風致と風景 快よさと美しさ

 美しい風景、快い風致の表現はあっても、快い風景、美しい風致の表現はまれではないかと考えるが、どうであろうか。これは、風景が視覚に由来し、風致が五感に由来しているからではないだろうか。快いを和英辞書で見ると、harmonious、fragrant,pretty,sweet,lusciousuなどの形容詞が見られ、耳に快いはmusicとなっている。快適はconfort,amenityの名詞となり、風致という言葉はなく、風致地区がscenic zoneであり、景観の美しい地区と訳されている。
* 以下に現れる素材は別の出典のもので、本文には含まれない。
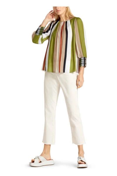 Verleihen Sie Ihrem Kleiderschrank mit dieser Marc Cain Collections Blusenshirt UC 55.18 W77 Bluse einen Hauch von Eleganz. Die A-Linien-Form und die gerafften Ärmel schaffen eine feminine Silhouette, während die tiefen olivgrünen Streifen eine Note von Raffinesse hinzufügen. Hergestellt aus 100% Polyester, ist diese Bluse sowohl bequem als auch langlebig.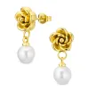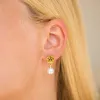 Wasserfester Blumen Ohrringe in vergoldetem Stahl mit polierter Oberfläche 2 weißen Perlen.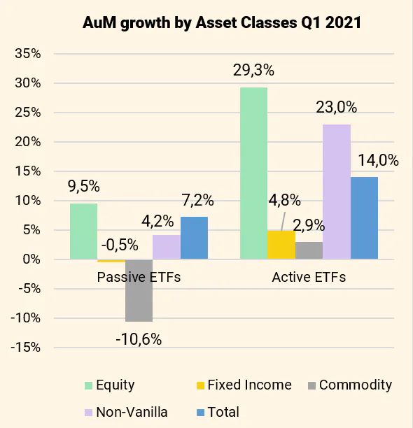 Active ETFs grew especially rapidly over the period. Worldwide and for all asset classes, they outgrew passive trackers by a factor of two. Commodity ETFs, especially gold, saw a net decrease of their assets in Q1 2021.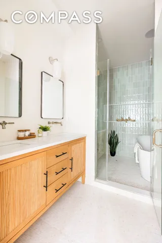 The second floor offers two well-proportioned bedrooms and a full bath. The rear-facing primary suite overlooks the garden and features a spacious double closet and an en-suite bathroom with a double vanity and a glass-enclosed shower with dual rain showerheads. A second large bedroom sits at the front, bathed in natural light.

美しいはbeautiful,lovely,fine,good-looking,exquisite,heavenly,picturesqueがあり、美しい音色はmellow soundである。風景にはscenery,landscape,view,sceneが出てくる。
 こうした形容詞と名詞は対応しているのであろうか。快いの英語は関係、色、音、香り、歌、声などが該当しているようである。名詞である風景には対応していない。風致は名詞の英語はなく、こうした形容詞にも対応しておらず、名詞自体が快よさを含んでいるようである。風景をsceneryに限定すれば、美しいという形容詞は含まれているであろう。逆に、不快な風致、美しくない風景は、不適切な表現ということになる。快く感じるから、その場所に風致が感じられ、美しい眺めであるからそれを風景というと言ってよいのではないかということである。
 脳科学において、情報処理における学習は、良い方向に向かって意識が形成されていくとされ、良い方向には快楽のようなものとして神経細胞に作用しているというのである。これを考えてみると、学習する意識の形成は、停滞することは考えられても、悪い方向には向かわないということではないだろうか。環境の快適さの学習は、良い方向、より快である方向に向かうということであろうか。不快な風致はなく、醜い風景もありえないという論拠にはならにだろうか。同時により快適や美が高度になっていくものとして学習が深められる可能性があることの論拠にもつながるのではないか。
 風致や風景は経験と学習によって深められていく実感はないであろうか。少なくとも、風景においては、風景画が画家の追及によって深められ、風景画の歴史の面からも新たな創造としての風景画家の系譜が作られうることに実証されているといえる。風致は五感の総合した快適さとして、その深まりを推測することは困難であるが、音楽家が音に精通する聴覚が磨かれ、香水の専門家が嗅覚を磨かれるなどの個別な感覚の深まりを見出すことができる。また同時に感覚は単独ではなく、有機的に関連を持っている点で、環境の総合的な快適さの向上は十分に考えられることである。
 風致や風景への意識の向上は、環境の中に風致、風景の場所と場面を見出す頻度が増大するだろう。また、環境を風致的、風景的に判断して、改善の方向を見出す判断を向上させるであろう。ある都市に風致的環境があると感じ、その都市の様々な場所に風景の場面を見出す場合、都市を形成している住民の感覚が環境に作用し、計画家の空間デザインのセンスが環境に適合していることの結果なのであろう。